While the difference between open and closed generative AI models is more of a gradient than a binary, these differences do have important implications for AI development. Proponents of closed models argue that keeping models closed and centralized limits the capacity for misuse, such as leveraging AI models to create bioweapons or spread harmful content. Advocates of an open-source approach, however, point to democratizing access to the technology as well as the benefits of more open science by allowing for greater collaboration and innovation, as outweighing the possible risks. This debate will have important implications for progress in the field in the future, as major AI companies, like Meta and Anthropic, forge different paths to model development and user access. Moreover, such debates will have political and governance ramifications, particularly as governments such as China appear to be throwing their weight behind open-source models created by Chinese companies, like DeepSeek, and some politicians in the United States advocate for a more centralized, closed-model path for AI development, at least in the short term. In other words, the global technology competition between the United States and China is creating an upside-down world in which a closed, authoritarian society (i.e., China) favors open-source technology.
DeepSeek caused a major stir in the technology industry by releasing a model that appeared to outperform major U.S. competitors, such as OpenAI, on a range of benchmarking tasks while achieving far greater efficiency in model training.
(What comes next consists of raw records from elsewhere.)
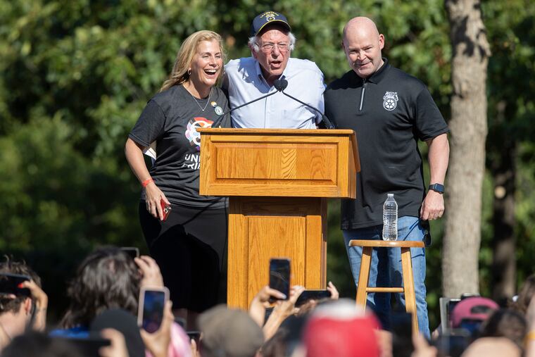 The U.S. Senator from Vermont, Bernie Sanders took the stage at a rally in support for workers with Sara Nelson, head of the Association of Flight Attendants, and Sean O'Brien, President of the International Brotherhood of Teamsters, on Aug. 20, 2022.
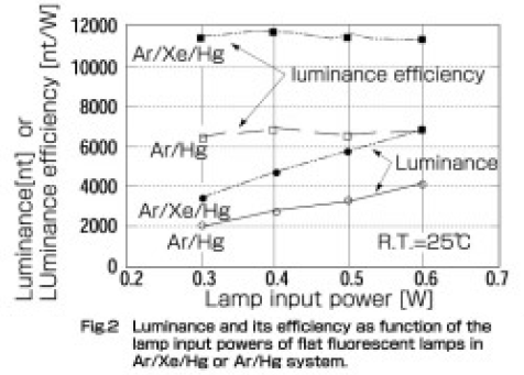 ランプ入力が0.3~0.6Wの範囲内では、Ar/Xe/Hg系及びAr/Hg系で輝度効率に大きな変化は見られなかった。しかしながら、輝度効率に関してはAr/Xe/Hg系がAr/Hg系より高い輝度効率を有する。
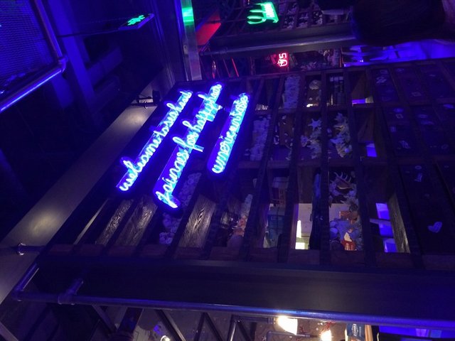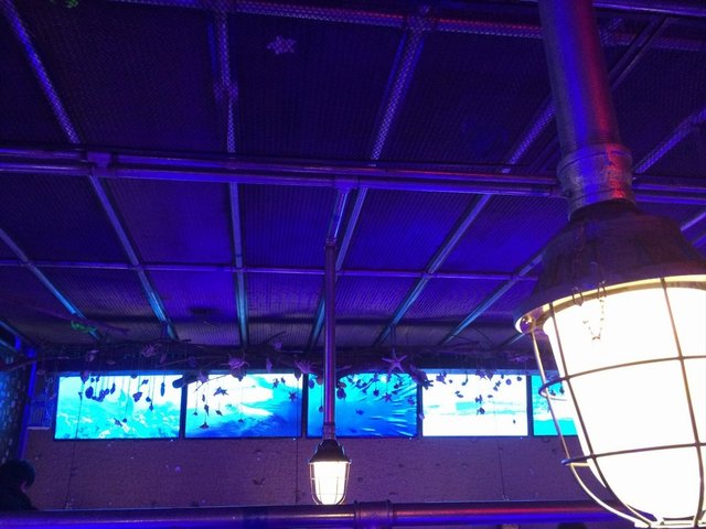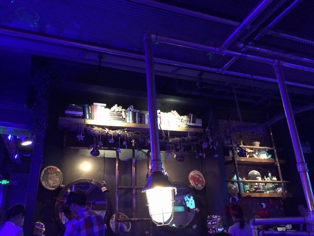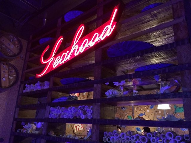 环境很有意思,有点偏夜店的感觉,灯光比较昏暗,内饰装修以海洋生物为主,服务员的头上也戴着螃蟹的头饰。
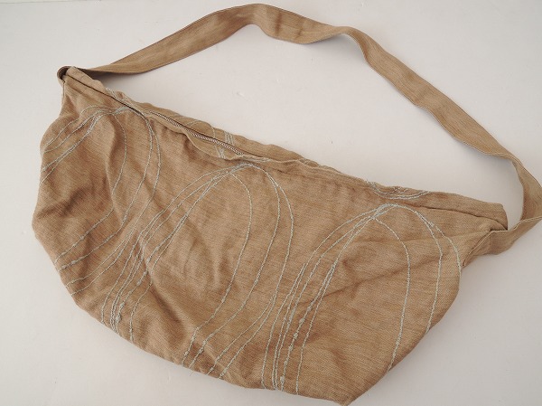 デザイン:mina perhonenのlight holeシリーズのボディバッグ小です。カラーは薄いブラウンのミックスカラー地に淡い水色がかったグレーで刺繍が施されたデザインで、開口部はファスナーです。内側には濃いグレーの裏地とポケットが1つ付いており、素材は表生地が麻100%、刺繍部分が綿100%、裏生地が綿100%です。
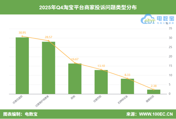 据“电诉宝”显示,四时度淘宝平台涉及的商家赞扬问题类型次要集中正在:肆意仅退款(30。95%)、过度消费者(28。57%)、肆意罚款(13。10%)、金(8。33%)。
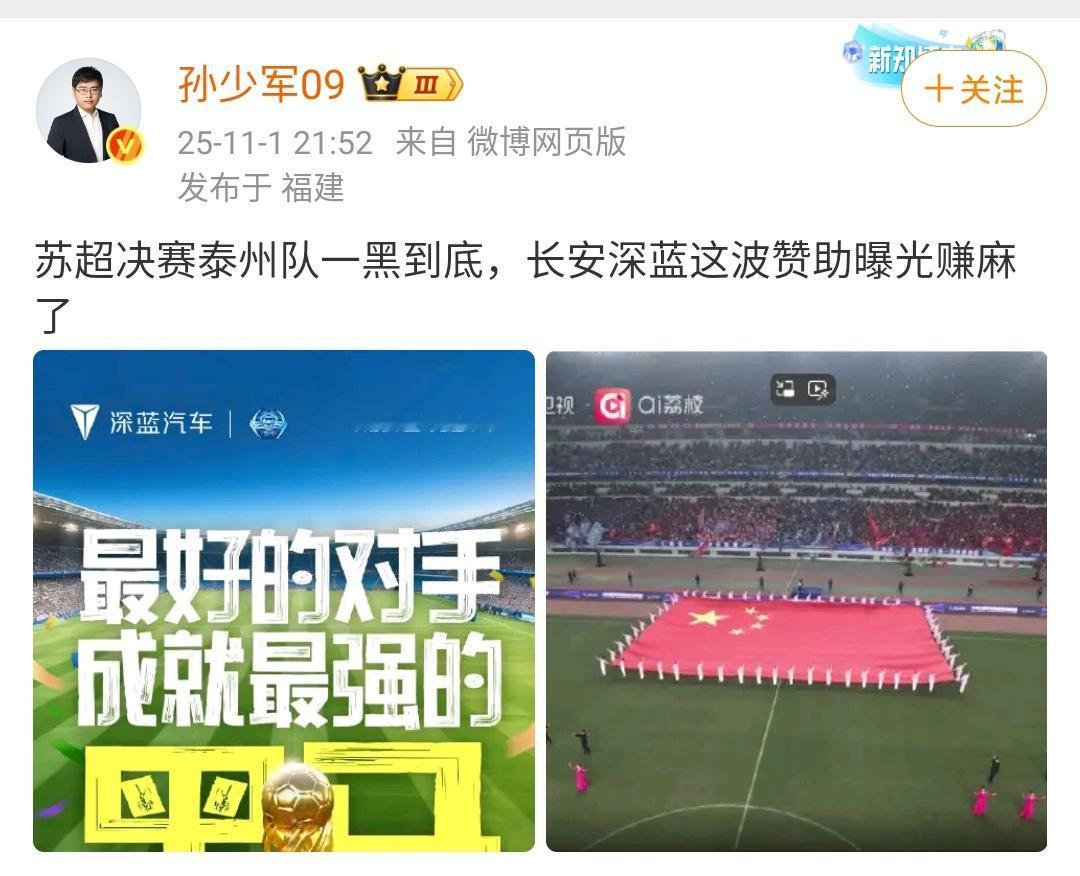 孙少军:苏超决赛泰州队一黑到底,长安深蓝这波赞助曝光赚麻了 ! 这一次长安深蓝是提供的三年免费使用权,不知道这三年免费使用权能不能折现,如果折现的话还挺好的,与其他车企10年免费使用权不同,三年使用权意味着到时候车企还要回收这辆车。 各位是怎么看的?欢迎评论区留言。
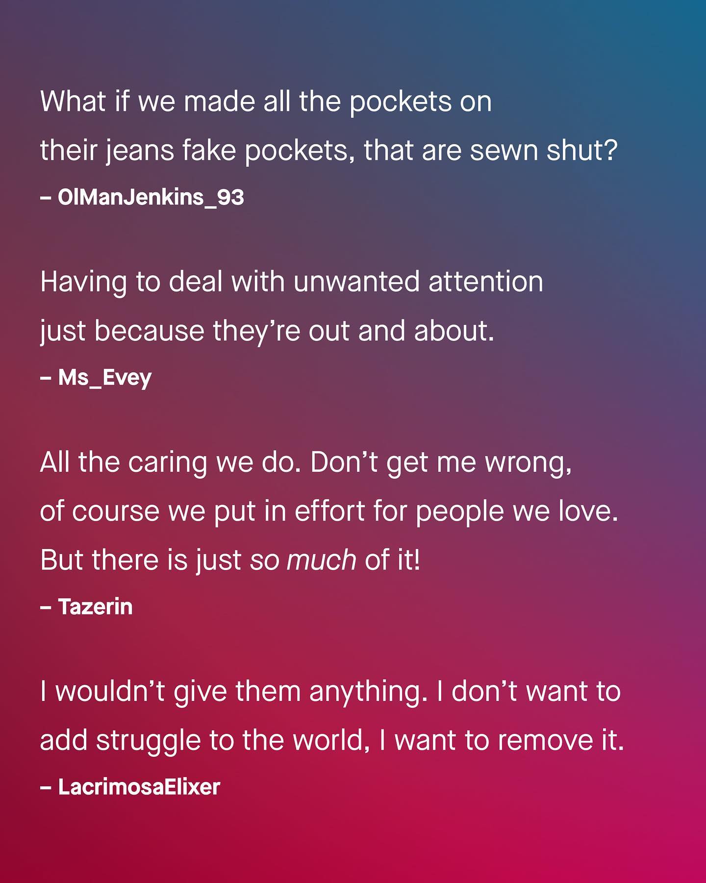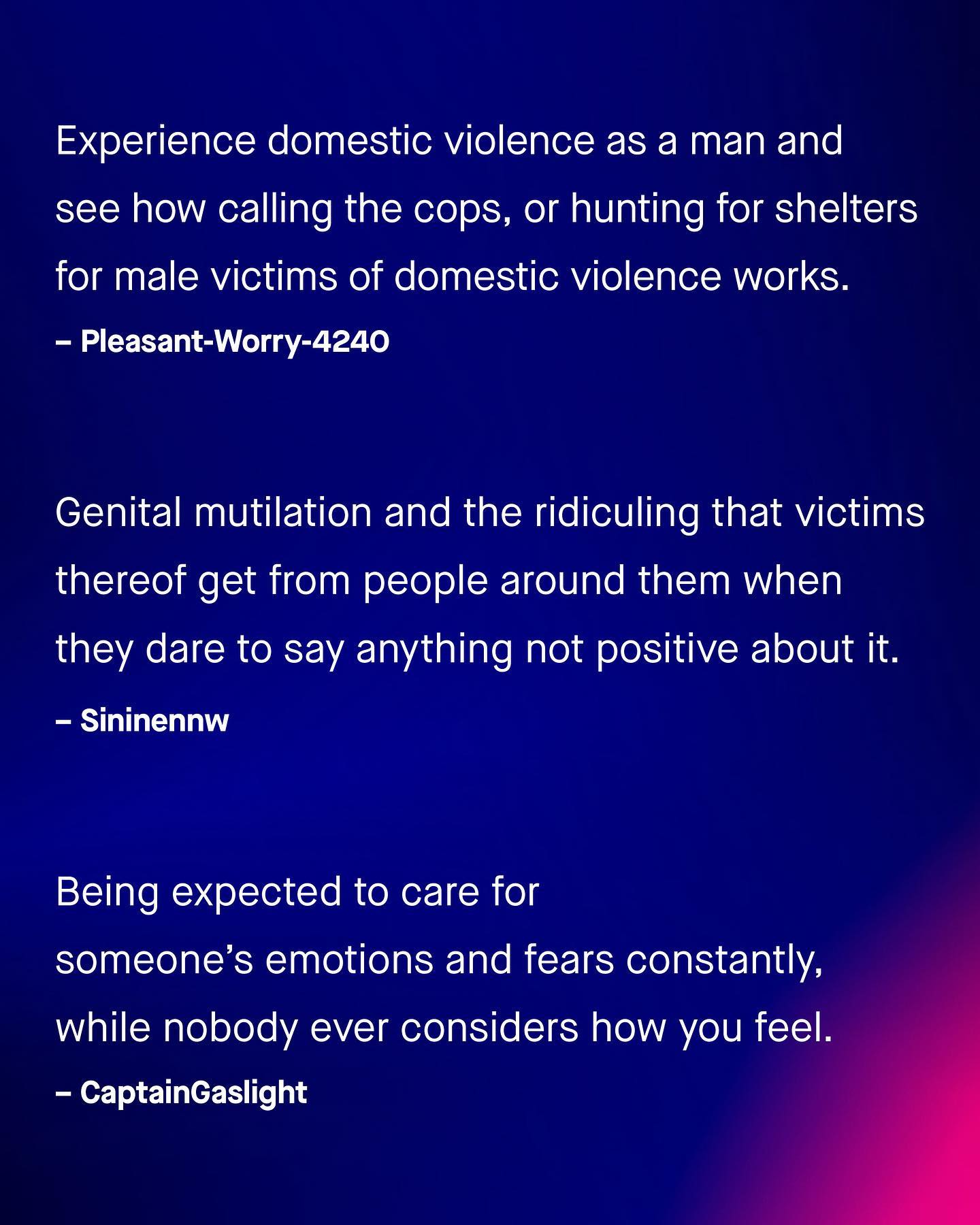 Advocacy starts with good faith. It starts with not only discussing what we do know, but acknowledging what we don’t. And so often, what women can never understand, is what it’s like to be a man - and vice versa. So if there was one issue you think women might better understand if they experienced it for a day, what might that be? ~ Images by Codeioful

The release caused a significant market shock during its launch as the company suggested that they trained a model with a small fraction of OpenAI’s computational chips. This apparent success challenged what was the conventional path to improved model performance—increasing computational resources and model parameter size. DeepSeek’s purported ability to efficiently train their model and achieve high-level performance appeared to challenge the feasibility of U.S. export controls seeking to squeeze China’s AI progress. However, subsequent claims suggested that DeepSeek simply “distilled” OpenAI’s ChatGPT to achieve its success. In any event, public reaction was substantial as some observers argued that DeepSeek may be a modern “Sputnik moment,” comparing it to the 1957 Soviet satellite launch, which led to the perception of falling behind in the space race within the United States. However, whether DeepSeek’s trajectory represents a real “Sputnik moment” or reflects a broader trend within China’s technology industry—leveraging existing breakthroughs to rapidly close gaps with brute force—is still debated.
The release of DeepSeek-V3 also sparked a debate about the large language models’ biases in sensitive topics, such as politics. For example, some argued that DeepSeek is unresponsive to topics that are sensitive concerning Chinese political history, such as events in Tiananmen Square and China-Taiwan relations. Moreover, experts have warned against the use of DeepSeek due to concerns over misinformation. In the future, these biases will likely matter more as open-source models are leveraged by institutions and private companies, amplifying the institutional bias of these models inherent in the training data and the training process to downstream tasks.